**Records for the task**

============

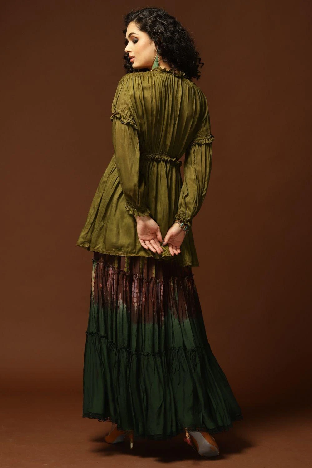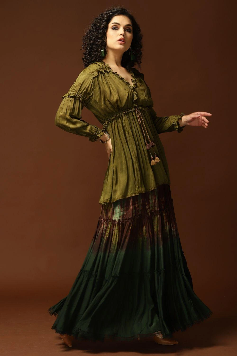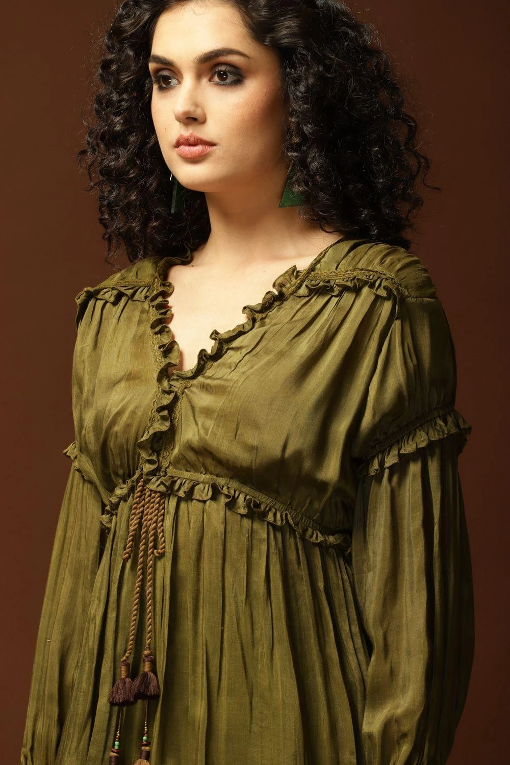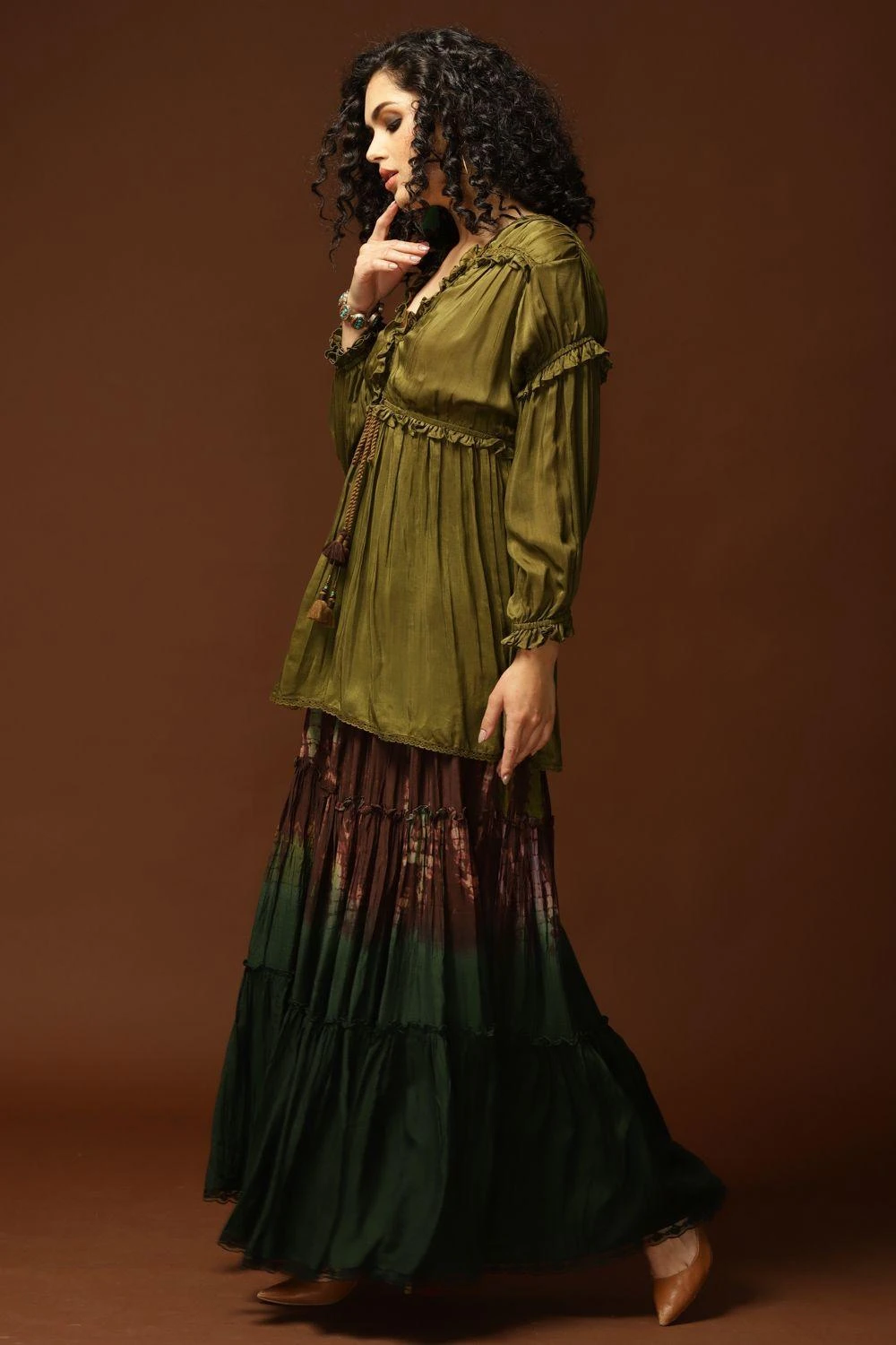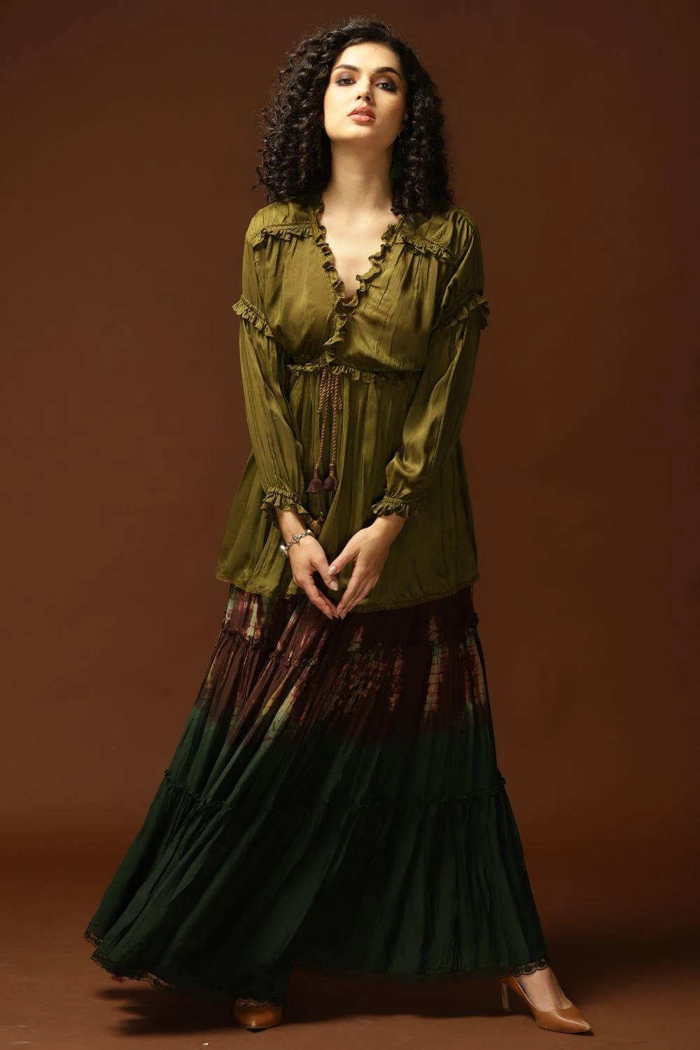 This chic V neck top is cinched at the waist & flares down. It is cut in cotton silk and features gentle ruffle details. Style this piece with flared pants or a skirt for a dressy festive look.
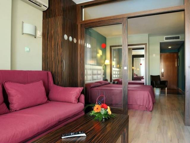 El hotel está situado en una tranquila zona residencial de Lloret de Mar, dentro de Evenia Resort, que cuenta con más de 30.000 m2 de terreno con amplios jardines, piscinas tropicales y áreas para practicar deportes como el tenis, piscinas climatizadas y un gimnasio completo y balneario con circuito termal. El hotel, ideal para familias, dispone de dos tipos de amplias y cómodas habitaciones totalmente equipadas: habitación familiar o apartamento de hasta 33 m2 con sala de estar.
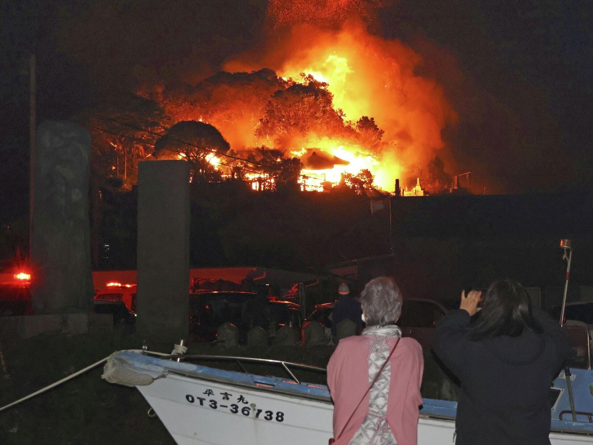 Високи званичник префектуре Шого Фуџикава изјавио је да се дим смањује и да би пожар ускоро требало да буде стављен под контролу, али је упозорио да је рано за коначне процене.
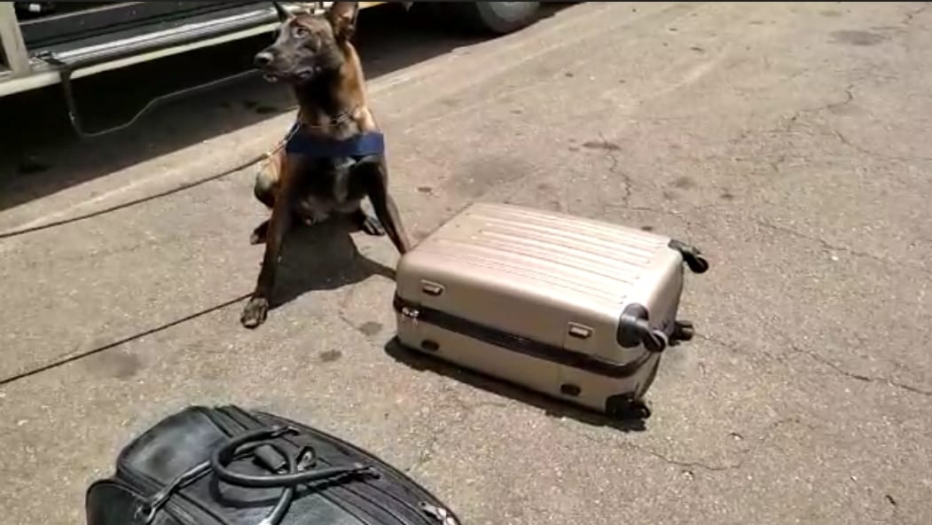 Ao vistoriarem as bagagens dos passageiros, com auxílio dos cães farejadores da PRF, os policiais localizaram 53 tabletes de Maconha prensada dentro de duas malas.
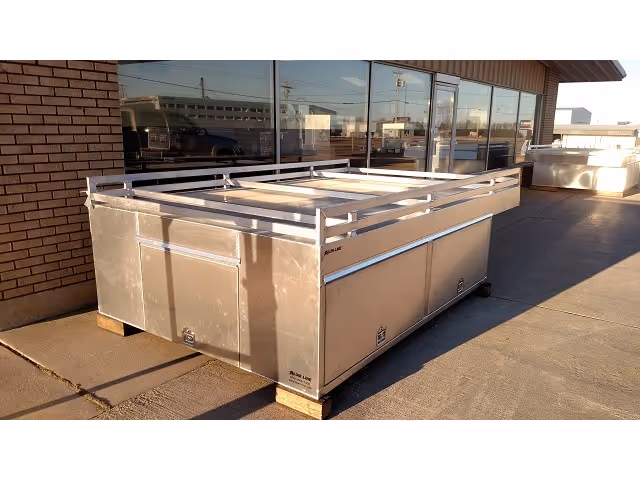 Contractor Truck Toppers are all aluminum shells designed to go over the bed of a pickup truck. The Alum-Line versions are built to be rugged, customizable, and optimized for trade or contractor use: tool storage, security, hauling gear, often with compartments or shelving inside. Also available is our “pod” version. A complete self-contained unit available with storage compartments. Fork lift pockets, ladder rack and other useful options.
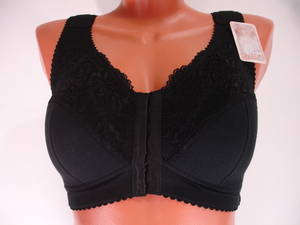 Бюстгальтер хлопковый без каркасов c застежкой на 5-8 крючков спереди. Выполнен из хлопкового полотна и эластичных кружев. Т-образная форма чашки с поролоновой деталью внутри поддерживает грудь снизу и формирует грудь сбоку. Широкая поролоновая деталь бретели равномерно распределяет нагрузку на плечо.

============

**The problem**
Transcribe all the lines above exactly; any image among them is skipped.

**Task solution**
 This chic V neck top is cinched at the waist & flares down. It is cut in cotton silk and features gentle ruffle details. Style this piece with flared pants or a skirt for a dressy festive look.
 El hotel está situado en una tranquila zona residencial de Lloret de Mar, dentro de Evenia Resort, que cuenta con más de 30.000 m2 de terreno con amplios jardines, piscinas tropicales y áreas para practicar deportes como el tenis, piscinas climatizadas y un gimnasio completo y balneario con circuito termal. El hotel, ideal para familias, dispone de dos tipos de amplias y cómodas habitaciones totalmente equipadas: habitación familiar o apartamento de hasta 33 m2 con sala de estar.
 Високи званичник префектуре Шого Фуџикава изјавио је да се дим смањује и да би пожар ускоро требало да буде стављен под контролу, али је упозорио да је рано за коначне процене.
 Ao vistoriarem as bagagens dos passageiros, com auxílio dos cães farejadores da PRF, os policiais localizaram 53 tabletes de Maconha prensada dentro de duas malas.
 Contractor Truck Toppers are all aluminum shells designed to go over the bed of a pickup truck. The Alum-Line versions are built to be rugged, customizable, and optimized for trade or contractor use: tool storage, security, hauling gear, often with compartments or shelving inside. Also available is our “pod” version. A complete self-contained unit available with storage compartments. Fork lift pockets, ladder rack and other useful options.
 Бюстгальтер хлопковый без каркасов c застежкой на 5-8 крючков спереди. Выполнен из хлопкового полотна и эластичных кружев. Т-образная форма чашки с поролоновой деталью внутри поддерживает грудь снизу и формирует грудь сбоку. Широкая поролоновая деталь бретели равномерно распределяет нагрузку на плечо.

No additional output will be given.